Trump’s New Rules Could Redefine How Universities Get Federal Funding
Trump’s New Rules Could Redefine How Universities Get Federal Funding Tasos Katopodis/Getty Images

In October 2025, the Trump administration formally rolled out its "Compact for Academic Excellence in Higher Education," a 10-point memo sent to nine prominent universities. The compact offers preferential federal funding in exchange for compliance with new rules governing admissions, faculty hiring, tuition policy, international enrollment, and campus speech. Al Jazeera+2CBS News+2

How the Rules Emerged

This initiative did not arise in a vacuum. Earlier in 2025, the administration had already demonstrated a confrontational approach to higher ed: it paused or threatened freezing billions in research grants to universities like Harvard, Columbia, and Penn, citing alleged failures in handling campus protests and diversity programs.

In August 2025, Trump signed an executive order requiring universities to disclose admissions data, pushing transparency and oversight in university practices. That move laid part of the groundwork for later demands tying compliance to federal funding.

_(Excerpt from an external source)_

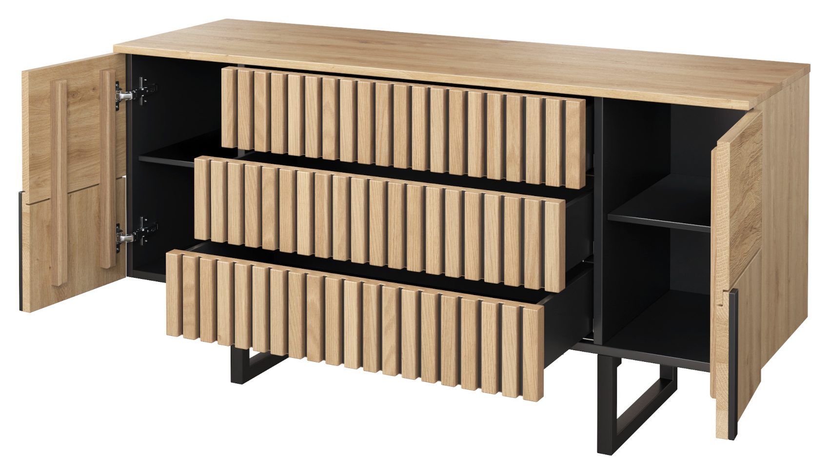 Moderní komoda Gintaro 2D3SZ vás zaujme svým jedinečným designem. Černé lamely na přední straně nábytku dodají nádech elegance a kovové a neobyčejně tvarované nohy provzdušní váš interiér. Komoda je vyrobena z masivního dubového dřeva a přírodní dubové dýhy. Kvalitní technologie lakování a moření navodí přírodní vzhled dřeva a zvýrazní tak jeho léta. Dvířka i zásuvky v celém systému mají tichý jednoduchý dotykový systém otevírání a zavírání - Push to open.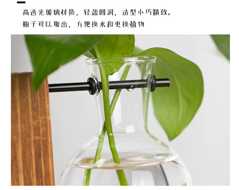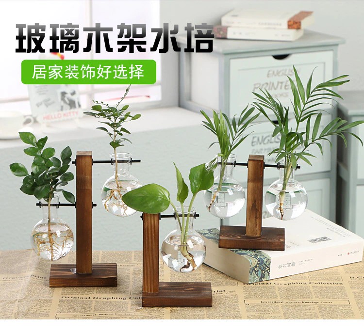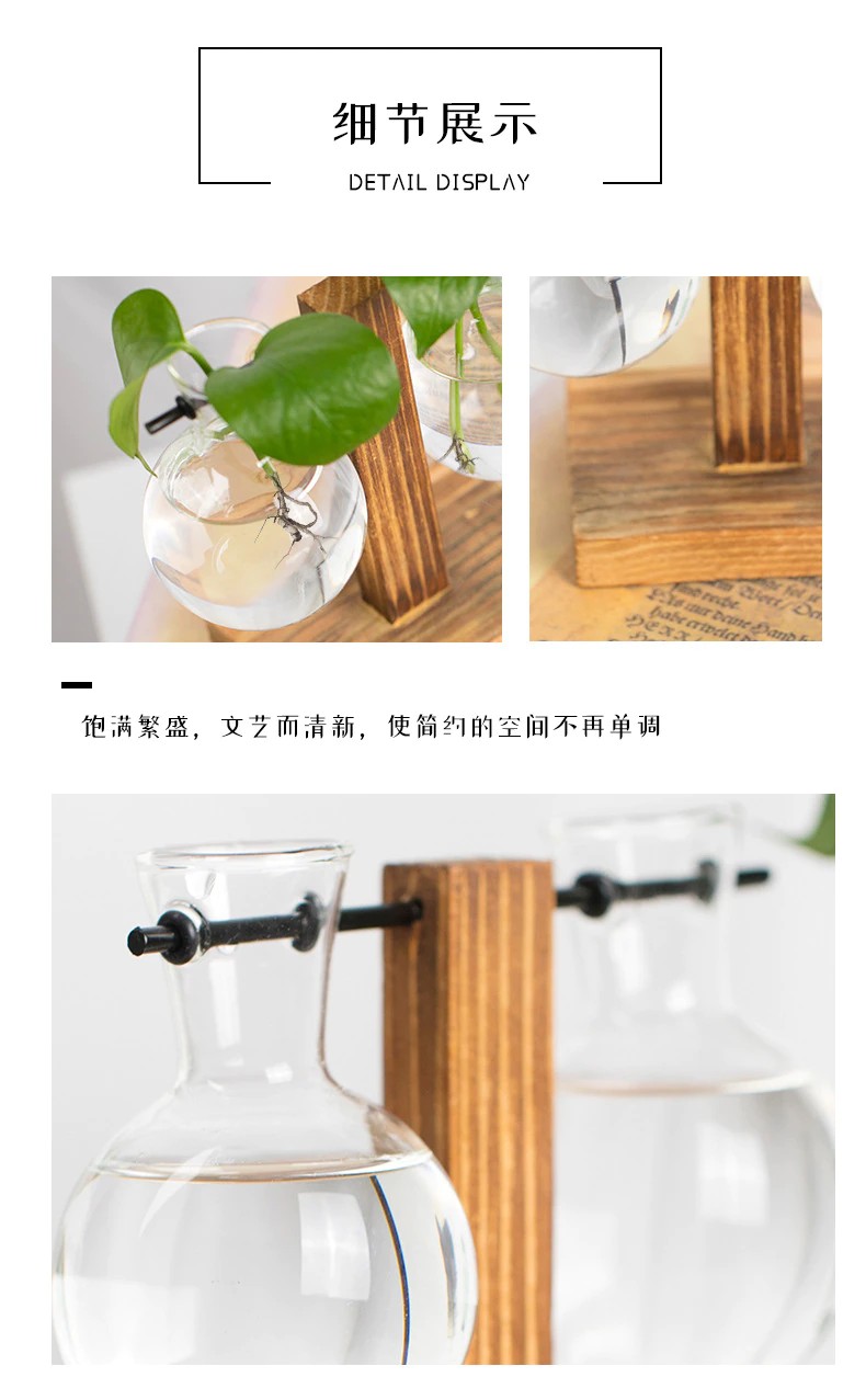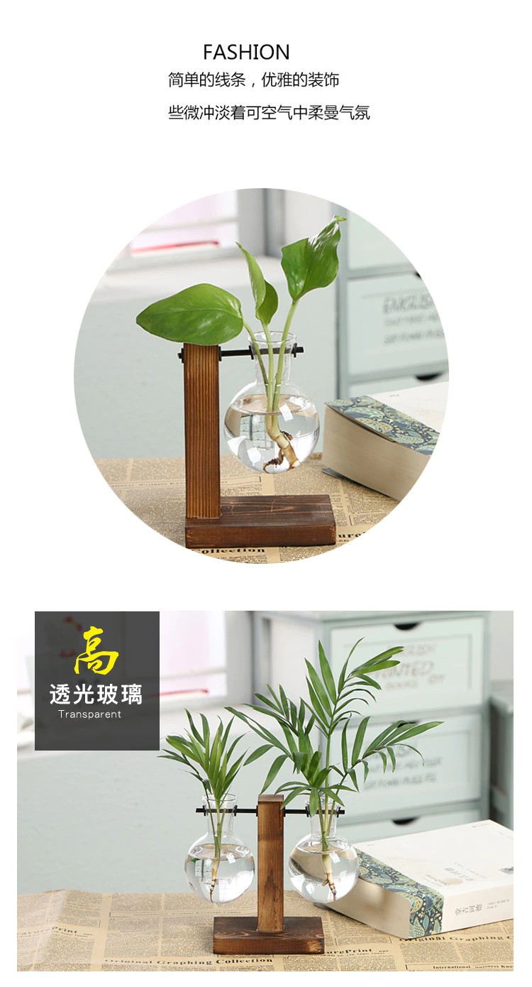Vaso De Plantas Hidropônicas Terrário, Vaso De Flores Vintage, Vaso Transparente Moldura Madeira Mesa Vidro, Decoração De Bonsai Para Casa

By October 1, 2025, the compact letters were delivered to nine institutions, giving them until Nov. 21, 2025 to agree to the terms or risk being sidelined from premium federal support.

What the Memo Demands

Under the compact, universities must:

  • Remove race and sex as factors in admissions and hiring
  • Publicly share anonymized admissions data (GPA, test scores) by demographic group
  • Require standardized testing (SAT/ACT) for admissions
  • Limit international undergraduate enrollment to 15%, with no more than 5% from any single country
  • Freeze tuition for five years
  • Freeze or waive tuition in "hard science" majors at institutions with large endowments
  • Eliminate or reshape departments that "belittle, punish or spark violence against conservative ideas"
  • Ensure the campus remains a "marketplace of ideas" with ideological diversity
  • Reduce administrative costs and boost transparency of graduate outcomes

Universities that sign the compact are promised "substantial and meaningful federal grants," "priority overhead payments," and federal partnerships. Those that refuse could lose access to such advantages.

Universities Targeted

The nine universities that received the compact are:

  • University of Arizona
  • Brown University
  • Dartmouth College
  • Massachusetts Institute of Technology (MIT)
  • University of Pennsylvania
  • University of Southern California
  • University of Texas at Austin
  • University of Virginia
  • Vanderbilt University

At least one university — University of Texas — responded publicly, with its Board of Regents describing being selected as "honored" while emphasizing it would review the compact carefully.

What It All Means

The arrival of this compact marks a new era in federal-university relations. By conditioning funding on ideological and administrative conformity, the rules threaten to blur the line between academic autonomy and political mandates. For the nine universities targeted — and many that watch closely — the decision to accept or reject may define not only funding but the very character of institutional identity.